Towards the end of the post Rauser argues that naturalists aren't really making a claim on what exists, but are really expressing "a particular kind of attitude." He cites an essay by Bas van Fraassen called “Science, Materialism, and False Consciousness,” in which Fraassen critiques J.J.C. Smart’s attempt to define “materialism” saying:
“Smart may believe, or think he believes, the ‘theory’ here formulated; but if he does, he certainly does not know what he believes. For of course he has no more idea than you or I of what physics will postulate in the future. It is a truly courageous faith, that believes in an ‘I know not what’—isn’t it?” (168)
Smart's definition of materialism cited by van Fraassen was:
“By ‘materialism’ I mean the theory that there is nothing in the world over and above those entities which are postulated by physics (or, of course, those entities which will be postulated by future and more adequate physical theories.”
The argument van Fraassen seems to be making, and that Rauser seems to think makes naturalism "not even wrong," is that to define materialism (or naturalism) as a theory that the world is made up of only what physics (or any of the natural sciences) has or will discover is to allow it to be in a sense unflasifiable, and that makes it really just a commitment to scientific inquiry and not an ontological claim on the nature of reality. If we were to empirically verify the supernatural, critics like Rauser argue, under such definitions of naturalism we'd still not be able to falsify naturalism.
I think I agree with this criticism, but I don't think it makes naturalism, not even wrong. Rather, it makes certain definitions of naturalism not even wrong, or at least incomplete. I asked Rauser himself how he defines supernaturalism, and he wrote this:
You ask me to define "supernaturalism". Sure. I believe that God exists and the product of his agent causal action exists.
Rauser just offers his opinion of what he believes, it's not really a definition of supernaturalism. I couldn't find a formal definition of supernaturalism anywhere on his website, and it seems to me that if the definition of naturalism faces such problems as Rauser has described, than supernaturalism faces just as much trouble. If I take Rauser's answer and use it to define what naturalism is not, then at the very least, naturalism is a worldview where there is nothing like the classical god of theism that exists and thus there is no causal action in the universe by any such kinds of beings. And any scientific evidence that a god exists would falsify this view, and that makes naturalism falsifiable (something every belief should strive for).
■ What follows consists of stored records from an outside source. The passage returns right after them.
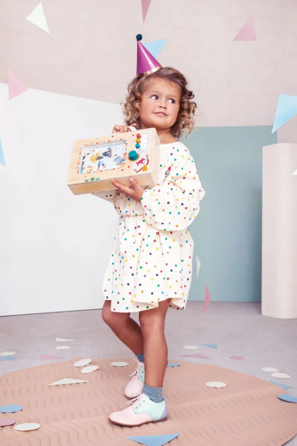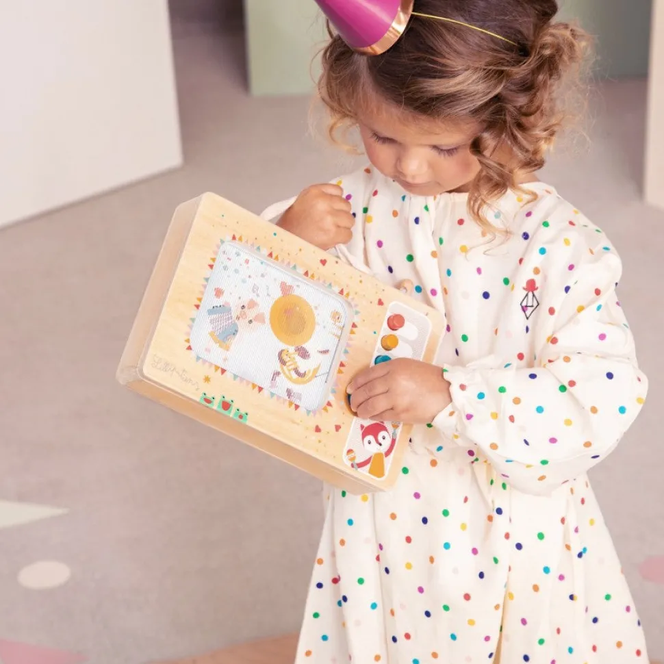 Un pequeño giro de botón en la caja de música y la orquesta se pone en marcha y entona una alegre canción. Gracias a su asa, podrás llevar contigo a todas partes esta caja de música magníficamente ilustrada.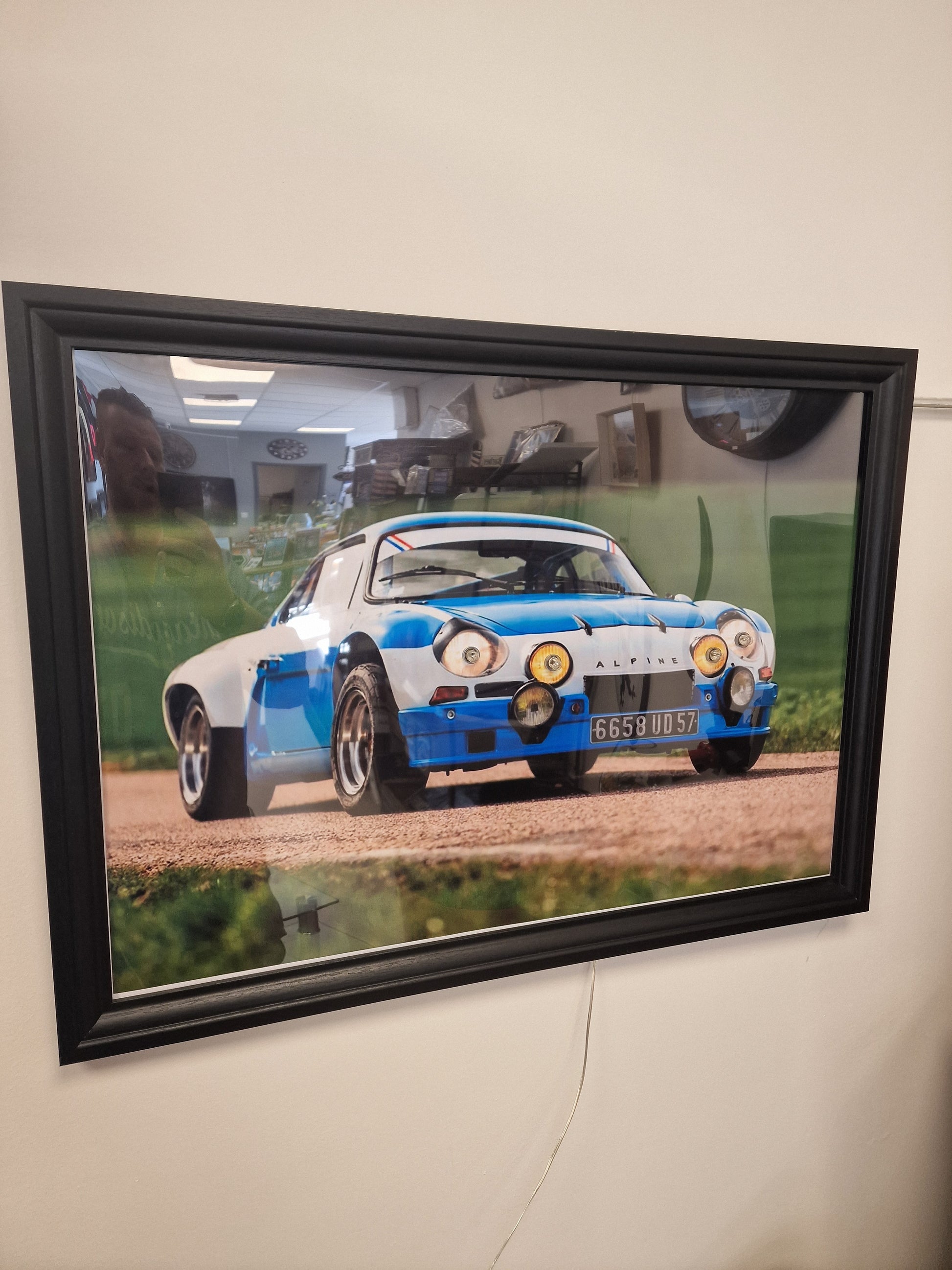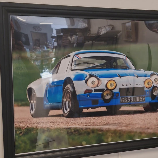 Ce cadre Alpine lumineux est parfait pour les passionnés de voitures anciennes, les amateurs de rallye et tous ceux qui apprécient les modèles mythiques du patrimoine automobile français.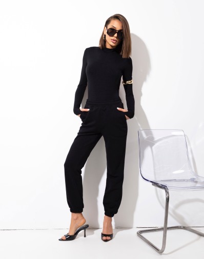 Te spodnie to idealne połączenie wygody i stylu. Uszyte z miękkiej, ale trwałej tkaniny w głębokiej czerni, wyróżniają się prostym, lekko luźnym krojem, który pięknie układa się na sylwetce. Wysoki stan optycznie wydłuża nogi i podkreśla talię, a klasyczne kieszenie nadają im ponadczasowego charakteru. To model, który doskonale sprawdzi się zarówno w casualowych, jak i bardziej eleganckich stylizacjach – wystarczy dodać szpilki albo sneakersy.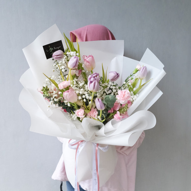 Each bouquet is a poetic arrangement that speaks the language of love. Plus, enjoy a FREE GREETING CARD to add a personal touch to your heartfelt gesture. Share the beauty of enduring love with the Tulip Pink Lilac Large Bouquet. Order now and let Le Bliss Bouquet be the messenger of your affection.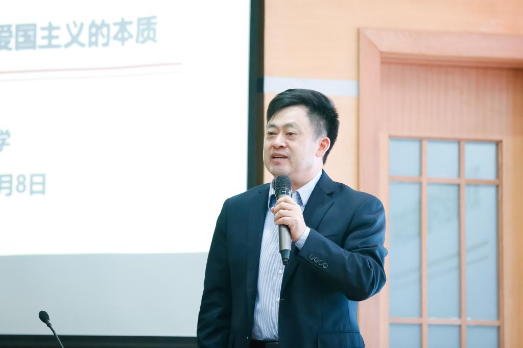 戚万学在课上析理论、挖内涵,谈史实、讲案例,首先从爱国主义的基本内涵及其时代发展讲起,阐述了在不同时期爱国主义的鲜明特征和时代要求;其次,戚万学从历史依据、现实依据、理论依据、宪法依据四个维度,引导学生进一步加深对当代中国爱国主义本质的理解和把握;最后,戚万学勉励同学们要牢记嘱托弘扬新时代的爱国主义,坚定理想跟党走,志存高远勇担当,刻苦学习,增长本领才干,锤炼品德修为,勇于创新创造,肩负起历史赋予的重任,把满腔的爱国热情化为报国之行,为加快推动国家创新发展和社会文明进步贡献青春才智。

I'm not done exploring the semantics and metaphysics regarding naturalism and supernaturalism, but for now I think naturalism is far from being not even wrong. It can be defined in such a way that it makes claims as to what exists and doesn't, and is falsifiable - two pertinent criterion for establishing a coherent worldview.
*There is a hypothesis by a physicist named Max Tegmark called the Mathematical Universe, where he argues that numbers could exist in the platonic sense and numbers themselves could be the ultimate nature of reality, meaning everything is all math. In such a view, math creates the physical universe and therefore affects it, although not apparently with a will or a sentience.